Performance degradation after upgrading from 0.5.1 to 0.6.2 -- how to avoid memory allocation?

for rating in ratings
    x_idx = rating[1] + 1
    y_idx = rating[2] + 1
    rv = rating[3]

     W_row = W[:, x_idx]
     H_row = H[:, y_idx]
     pred = dot(W_row, H_row)
     diff = rv - pred
     W_grad = -2 * diff .* H_row
     H_grad = -2 * diff .* W_row
     W[:, x_idx] = W_row - step_size .* W_grad
     H[:, y_idx] = H_row - step_size .* H_grad
end

Above is a piece of code whose performance degrades by ~20x (from 1.2 seconds to 32 seconds for some particular input data) after I upgraded to Julia v0.6.2 from v0.5.1. Even with v0.5.1, it’s 3~4x slower than the same program written in C++.

In the above code, ratings is a Vector of tuples, W and H are 2-dimensional arrays of roughly 100 by 5000.

I am guessing that it’s memory allocation that caused the problem.

Julia v0.6.2:
32.802334 seconds (148.08 M allocations: 11.332 GiB, 4.71% gc time)

Julia v0.5.1:
1.263061 seconds (18.58 M allocations: 6.835 GB, 9.55% gc time)

Why does v0.6.2 allocate much more memory?

In my C++ code, I would have pre-allocated memory for variables like W_row H_row etc and reuse the same memory across iterations.

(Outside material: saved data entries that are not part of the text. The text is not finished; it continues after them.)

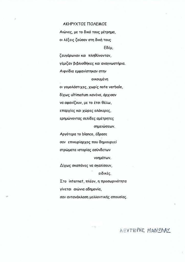 Posted in ΠΟΙΗΜΑΤΑ, ΣΥΓΓΡΑΦΙΚΑ ΦΙΛΩΝ, ΤΑ ΤΡΕΧΟΝΤΑ | Με ετικέτα: Λευτέρης Μανωλάς | Leave a Comment »
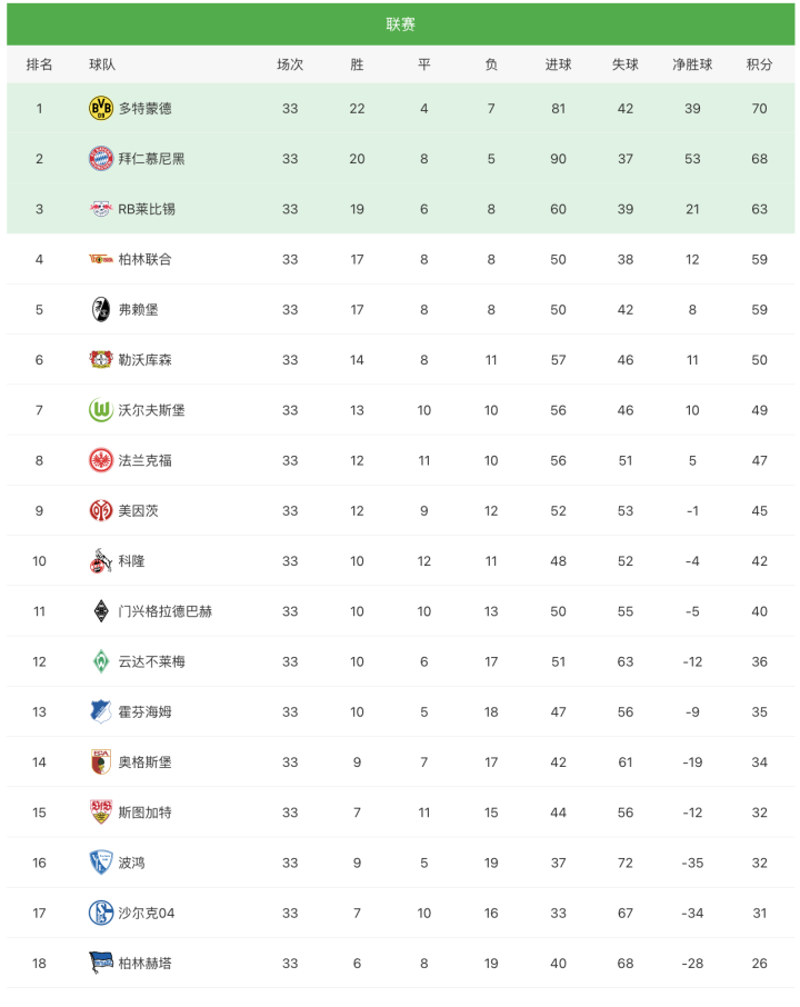 (2)争四:德甲的四个欧冠名额已经锁定三个,第四个名额将从柏林联合和弗赖堡之间产生。两队目前同分,柏林联合以4个净胜球的优势略微领先。
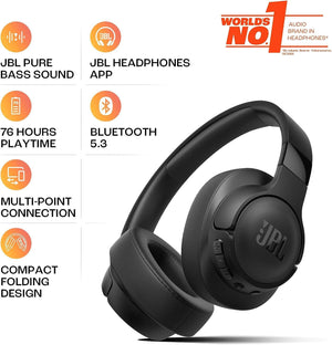 JBL Tune 720BT Wireless Over-Ear Headphones, with JBL Pure Bass Sound, Bluetooth 5.3, Hands-Free Calls, Audio Cable and 76-Hour Battery Life, Black

How would I do the same thing in Julia?

Memory allocation profiling (v0.6.2):

0 for iteration = 1:num_iterations
0 for rating in ratings
59192224 x_idx = rating[1] + 1
55158016 y_idx = rating[2] + 1
32006688 rv = rating[3]
-
2298050581 W_row = W[:, x_idx]
2291205792 H_row = H[:, y_idx]
32236624 pred = dot(W_row, H_row)
32006688 diff = rv - pred
3971640698 W_grad = -2 * diff .* H_row
3968829312 H_grad = -2 * diff .* W_row
5795581993 W[:, x_idx] = W_row - step_size .* W_grad
5793210528 H[:, y_idx] = H_row - step_size .* H_grad
- end

Memory allocation profiling (v0.5.1):

0 for iteration = 1:num_iterations
0 for rating in ratings
59192224 x_idx = rating[1] + 1
55158016 y_idx = rating[2] + 1
32006688 rv = rating[3]
-
1793490040 W_row = W[:, x_idx]
1792374528 H_row = H[:, y_idx]
32279345 pred = dot(W_row, H_row)
32006688 diff = rv - pred
1825048125 W_grad = -2 * diff .* H_row
1824381216 H_grad = -2 * diff .* W_row
3618250719 W[:, x_idx] = W_row - step_size .* W_grad
3616755744 H[:, y_idx] = H_row - step_size .* H_grad
- end

Please provide a complete reproducible example. It’s going to be impossible to make any definite statements about performance without knowing exactly how you’ve set up your problem. For example, is this code inside a function? Are W and H globals? What are the element types? These are all critically important to understanding the performance of your code.

If you provide a block of code that can be run locally then it will be much easier to help figure out the performance issue.

Thanks for your quick reply!

Please find my full program here: Pastiebin.com 5ab805f723ae3

That’s still missing the input data file?

Please download a sample input from here: http://www.cs.cmu.edu/~jinlianw/data/ratings.csv (11MB)

BTW, both versions of Julia were built from the source tarball.

Ok, so

ratings = Array{Tuple{Integer, Integer, Real}}(0)

is not concretely typed and will have quite bad performance. Change to e.g. Array{Tuple{Int, Int, Float64}}.
There were also some other places where you could use in place dot assignment more effecitvely and using views.

https://gist.github.com/KristofferC/91a4084b500c9f198b59af2486297b03 runs at 2 seconds per iteration for me while the original code ran at 55 seconds per iteration.

Is there any reason you cannot replace Tuple{Integer, Integer, Real} with Tuple{Int, Int, Float64}? The latter is going to be more more efficient. It could also be even faster to store the data as three vectors rather than as a vector of 3-tuples.

Great! Thanks! By changing the array type and using views I could reduce the runtime down to 0.63 seconds from 32 seconds, and further down to 0.59 seconds by using in-place dot assignment .=. However, @. causes exception – although I never saw it before I take it’s just another way of writing in place dot assignments?

Thanks! Yes, fixing the tuple type did help!

Yes @. is just a way of dotting all operators in the expression.